Катя Манн откашлялась. И взяла в руки густо исписанный лист бумаги, прежде лежавший на столе рядом с газетой «Райнише пост».
— Одно за другим, по порядку, — как бы скомандовала она сама себе (она теперь снова казалась более спокойной, привычной) и водрузила на нос очки: — Твое выступление начнется в 19 часов. За нами заедут. Я тебе советую читать главу о цирке, а не ту, где мадам Гупфле соблазняет Круля{423}. Та сцена тебя слишком возбуждает.
— Пардон! — озадаченно возразил он и мгновенно сконцентрировал внимание: — Вся эта цирковая экзотика мне неприятна. Я ее ввел в роман только ради читателей, которым наверняка понравится такой шурум-бурум: клоуны и полуголая акробатка на трапеции.
— Как бы то ни было, ты эту сцену написал, и эпизод с цирковым шатром для чтения подходит отлично. Но сейчас давай поговорим об утренней программе. Она вот-вот начнется. Экскурсия по… (она прочитала с бумажки) Архиву Дюмон-Линдемана{424}.
— А что это?
— Своего рода театральный музей. Сегодня они собирают всё, что относится к сфере театра, и выставляют это. Фотографии исполнителей, программки и, может, даже модели декораций. Это должно быть очень интересно, и здесь в городе все об этом знают.
Его, похоже, услышанное не особо воодушевило. Что хорошего сможет он сказать о каком-нибудь актере в кружевном воротнике эпохи Валленштейна? Но у нее нашлось для него и кое-что более привлекательное.
— У них, как я слышала, есть подписанный экземпляр первого издания твоей драмы «Фьоренца».
— Это можно только приветствовать.
— Послеобеденный сон получится коротким. В полтретьего нам предстоит посетить картинную галерею. Завтра открывается новая выставка, однако мы увидим ее уже сегодня. Кранах, Гольбейн, Рубенс и, сверх того, экспрессионисты. У старых мастеров ты, думаю, почерпнешь какие-то импульсы для своего лютеровского проекта{425}, а кроме того, прогулка по залам — это для тебя возможность подвигаться.
Он как-то неопределенно запротестовал:
— Сегодня ни слова больше о Лютере, об этом романе.

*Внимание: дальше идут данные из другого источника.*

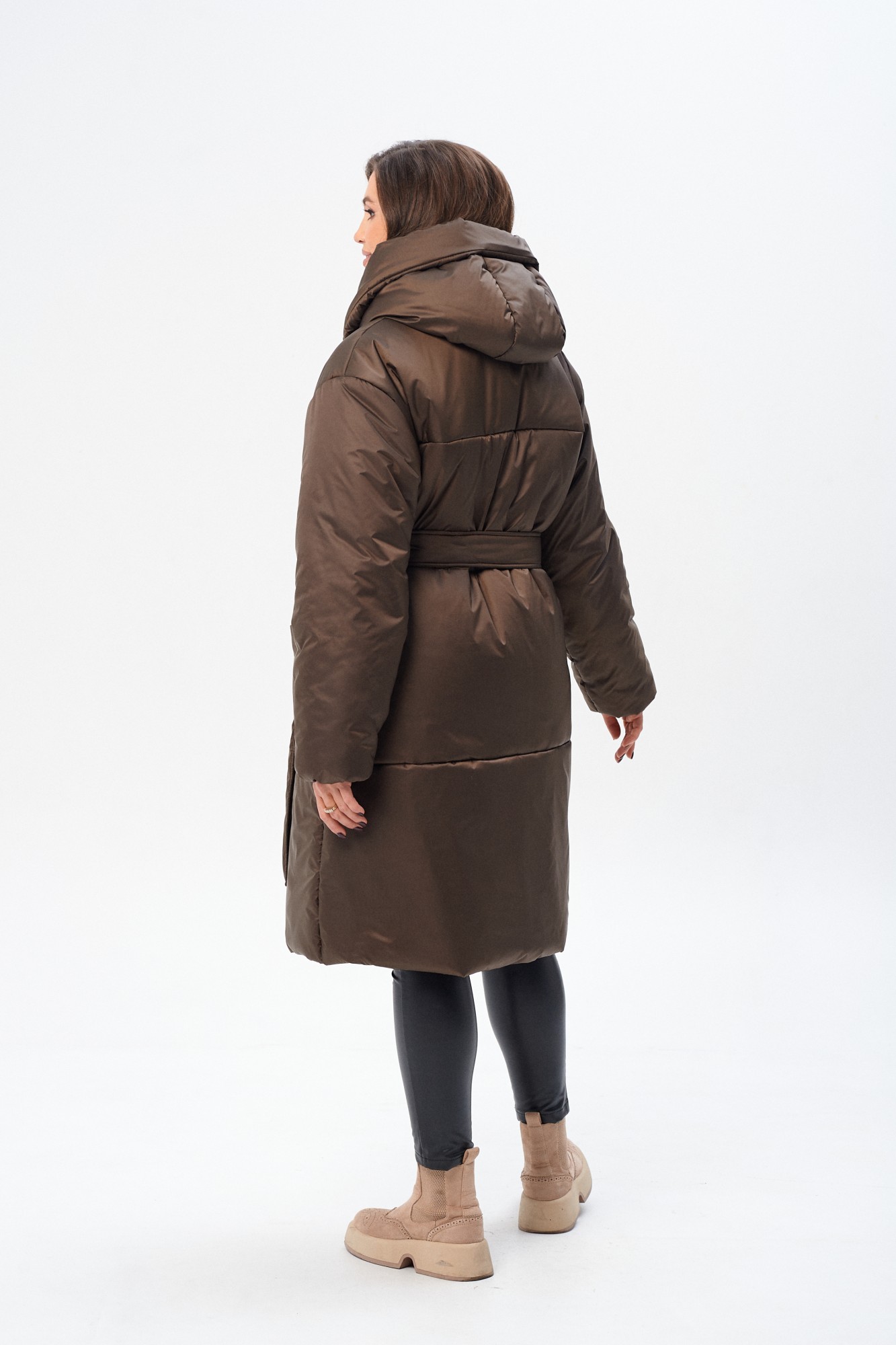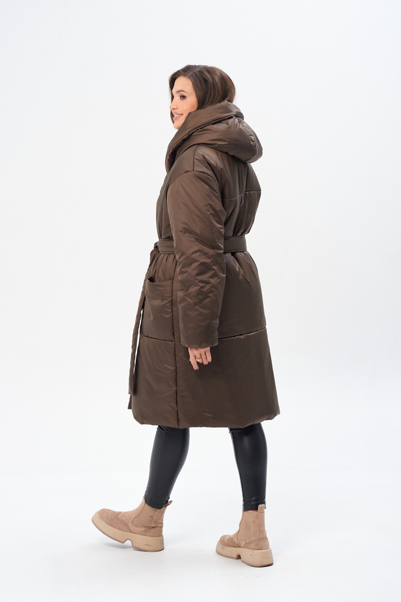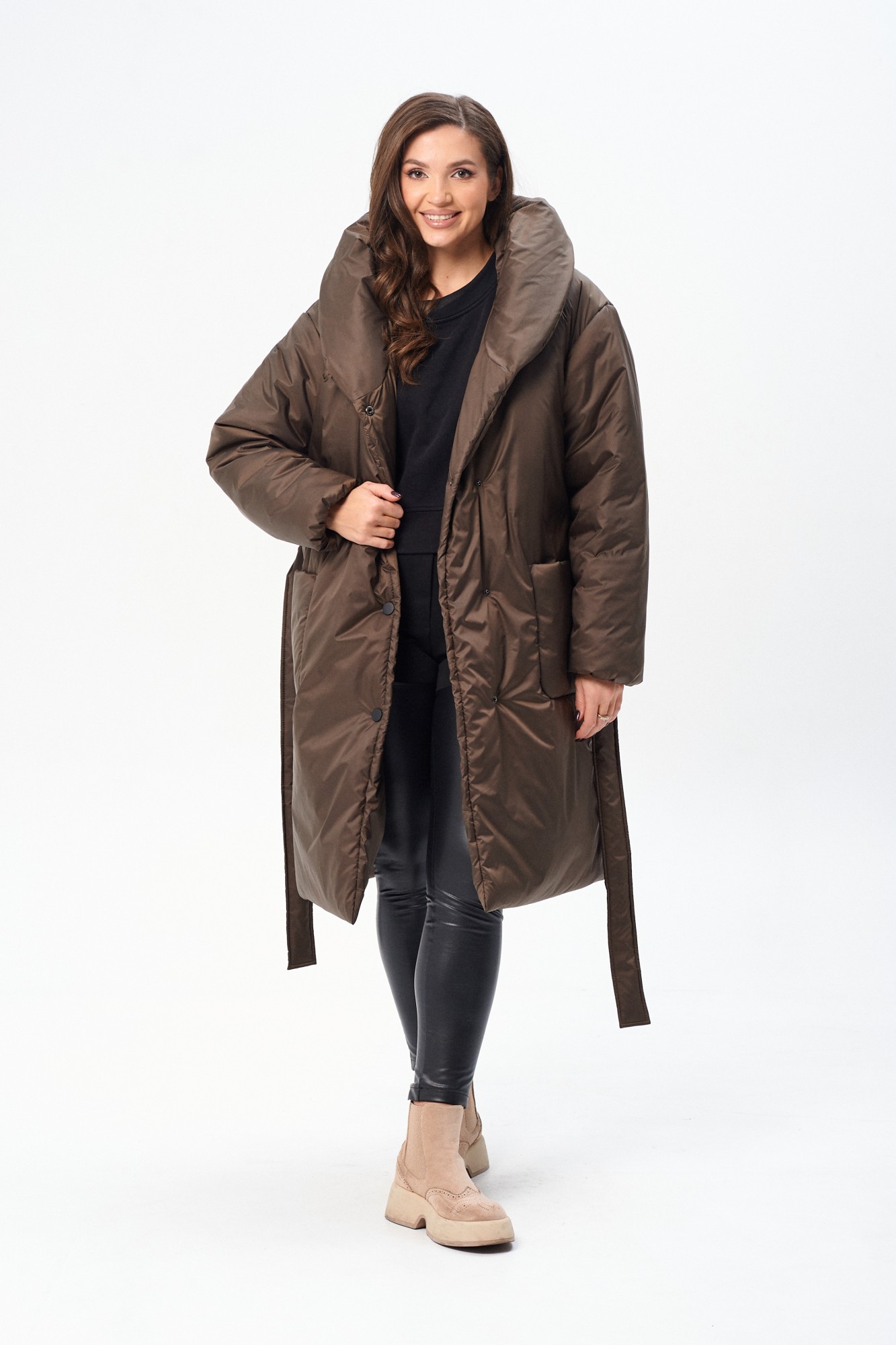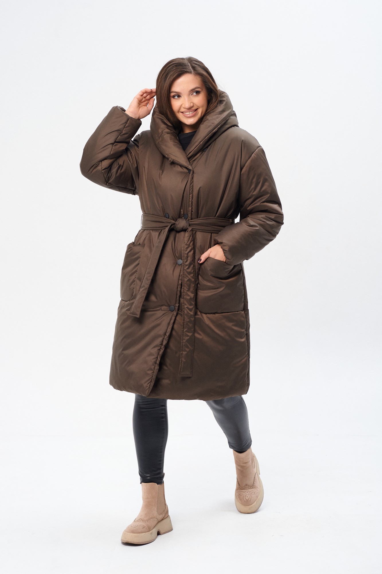 Утепленное женское двубортное пальто свободного кроя c капюшоном и поясом. Утеплитель микрофайбер (300г/м2), изделие предназначено для эксплуатации в осенне-зимний период с температурой воздуха до -20 градусов по Цельсию (указанная температура комфорта может зависеть от индивидуальной восприимчивости к холоду). Сезон зима. На полочке накладные закругленные карманы. Рукав прямой, линия плеча, спущенная. По переду застежка на металлические кнопки. Изделие из ткани с водоотталкивающим эффектом.

Его никогда не будет. Все исконные черты немцев я показал в «Фаустусе».
— Ну, это мы еще посмотрим, когда вернемся в Цюрих… Ты можешь ввести туда итальянских кардиналов с их свитой. Пусть всё это пока покружит вокруг тебя. Глядишь, начальная фраза и угнездится в твоей голове: В Виттенберге, в безлунную ночь, когда все колокола молчали… Но разве я Томас Манн?
Она засмеялась, и он вместе с ней, вымученно… Они двое, значит, опять заодно. В прежней колее.
— Некая дама… женщина… — Катя Манн подняла глаза от листочка с программой мероприятий и отодвинула тарелку в сторону. — Ее вряд ли получится спровадить. Не буду долго ходить вокруг да около… Она хочет взять у тебя интервью.
— Ох! — Он на мгновенье закрыл лицо руками. — Трехмиллионное по счету. Нет. Кто она? Для кого?
— Она звонила с каждой железнодорожной станции. Не исключено, что она уже здесь. Обещала, что не отнимет у тебя много времени.
— У меня вообще больше времени нет.
— Ну же, не забывай о дисциплине, Томми! — напомнила жена. — Весной ты станешь почетным гражданином твоего родного города…
— После того как они меня оплевали. И ведь не потому, что я слишком заигрался, а потому что просветил насквозь пустые фасады и вынужден был оправдать бомбы, падавшие на их фанатичные черепа. Ужасно все это.
— Фройляйн Кюкебейн представляет газету «Любекские новости». Захочешь ли ты, сможешь ли ей отказать?
— Это что, шутка?
— Почему?
— Кюкебейн? Идет от меня{426}. Ну, фройляйн с таким именем, журналистке с берегов Траве, можно, конечно, уделить четверть часика.
— Хорошо. Предварительно я уже договорилась с ней: на пол-пятого.
И опять с лица Кати Манн испарились все признаки хорошего настроения. Она положила свою шпаргалку на стол.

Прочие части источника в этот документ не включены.